Fagell, whose book “Middle School Matters” focuses on skills that help children thrive in middle school, remembered a similarly open environment.
“I spoke to the parents, and they had insightful questions,” she said. “They wanted to know how they can best support their middle schoolers, particularly during a difficult time such as a pandemic.”
Different guest speakers have different aims and purposes: some promote health and wellbeing with practical advice. Thorne said that Damour, for instance, gave helpful, real-world tips. “She’s talking to parents who are parenting in a pandemic, and she also is,” Thorn said. “She gives very good concrete examples. Like she knows it’s very difficult to work from home and have kids who are doing virtual school.”
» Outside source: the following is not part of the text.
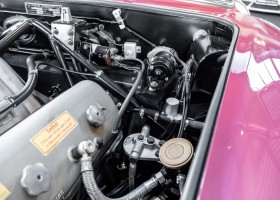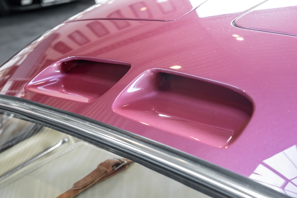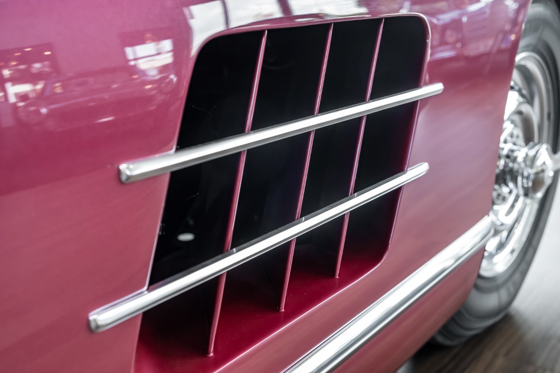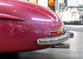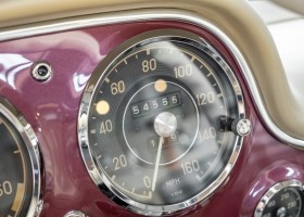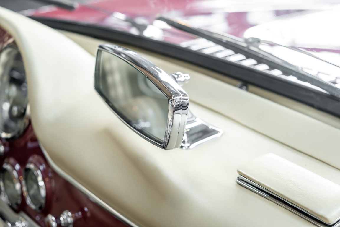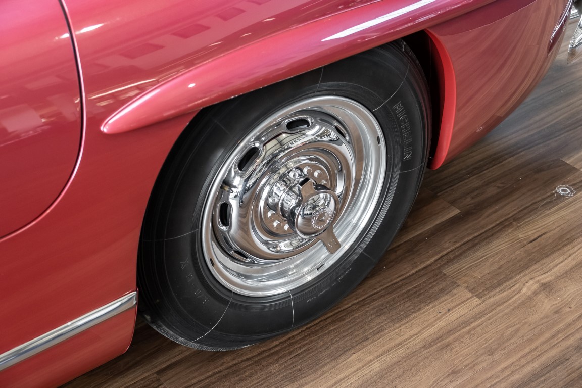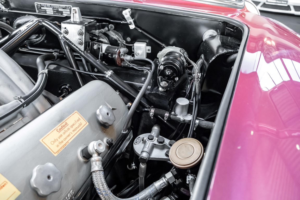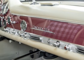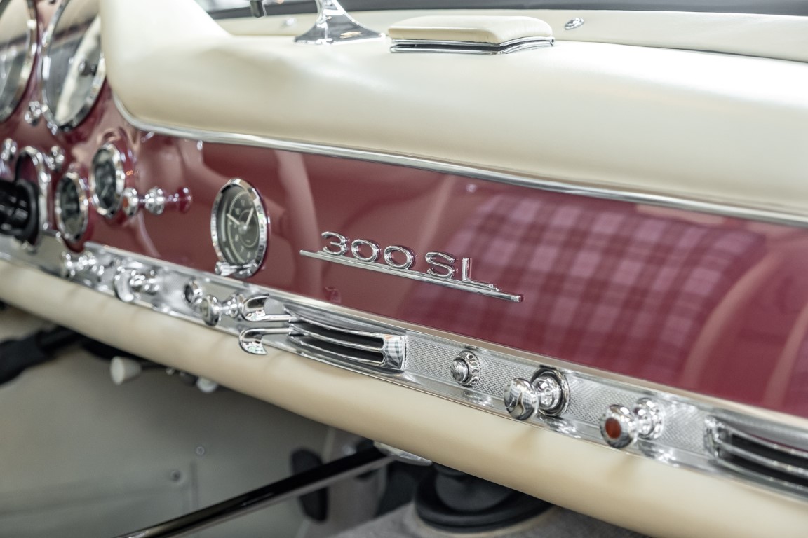 Laut dem Gullwing Group Registry war der erste Besitzer des Coupés Nr. 20 Roy Miller aus China Lake, USA. In den frühen 1970er Jahren wurde Weston Hook aus La Jolla, Kalifornien, Eigentümer, der den Wagen in den nächsten vier Jahrzehnten betreute und schließlich an seinen Sohn übergab. Weston Hook verbrachte seine Zeit sowohl in Kalifornien als auch auf Hawaii, wobei letzteres das Zentrum seiner Immobiliengeschäfte war, und so pendelte der Wagen zwischen den beiden sonnigen Orten am Pazifik. Nach mehreren Jahrzehnten des Besitzes und der Nutzung beauftragte Hook den wohl renommiertesten 300 SL-Restaurator Jerry Hjeltness aus Escondido, Kalifornien, mit einer Restaurierung, deren Ergebnis man kurz und knapp als außergewöhnlich bezeichnen kann. Im Laufe von zwei Jahren und mit viel Liebe zum Detail wurde der Flügel mit der Nr. 20 bis ins kleinste Detail komplett restauriert und in den zeitgemäßen Mercedes- Farben DB 543 Erdbeerrot Metallic lackiert. Die Kombination mit beigefarbener Lederausstattung und grün karierten Sitzen ist stilsicher und außergewöhnlich. Passendes Gepäck und verchromte Rudge-Räder vervollständigen das unbestreitbar schöne Erscheinungsbild, das in jeder Gesellschaft die Aufmerksamkeit auf sich zieht. Das Ergebnis dieser Restaurierung hat unweigerlich zu vielen Concours-Siegen in der Klasse und in ganzen Ausstellungsbereichen geführt. Das Auto ist einfach eine „Best-of-the-Best“-Restaurierung, von einem der besten 300SL-Restauratoren.

Others, meanwhile, are educational and informative, or even inspirational. Abbasi remembers hearing that Alcindor would speak at Greenhills — and then, by coincidence, seeing Alcindor on the news the same day. “It was clear that she was a really important figure and a really great reporter,” she said.
Zhong was especially struck by Alcindor’s backstory.
“I was able to see how she started out small, but she slowly and gradually worked her way up to being the White House correspondent and winning all these awards,” she said. “It was cool to see how she came from a small town, and her passion brought her up.”
Zhong remembers what she was thinking when she heard that Alcindor would speak at Greenhills, especially after hearing that she regularly spoke to the president: “Oh my gosh, she’s so cool.”
Perhaps the most unique guest speaker at Greenhills this year has been Jonathan Ellis. Ellis is a senior politics editor at the New York Times. He’s also a Greenhills alumnus, having graduated from Greenhills in 2002. In his presentation to the school, two days after Election Day, Ellis noted that his senior class also includes Caroline Huntoon, head of the middle school.
“You get more street cred when you’re a Greenhills alum,” Thorne said. She described her daughters’ reaction to hearing from an alumnus who was also a New York Times editor: “Oh my gosh! They have a real job! I think I could do something like this!”
Guest speakers teach all kinds of lessons when they come to Greenhills, but this one is perhaps the most important, especially when the speakers are alumni. After all, as Fayroian pointed out, there’s hardly a field in which Greenhills doesn’t have notable alums.
Alumni can speak in relatable ways to current students. Ellis, for instance, talked about his time at The Alcove, Greenhills’ student newspaper. But alumni returning as guest speakers also sends another message: as difficult as high school and the transition into the real world can seem, Greenhills students are well-prepared, and poised to take on important roles.
“That’s really good for our kids to hear, that you don’t have to wait to become someone,” Fayroian said. “Start becoming that person now. Start becoming somebody who is passionate about something and makes a difference in the world.”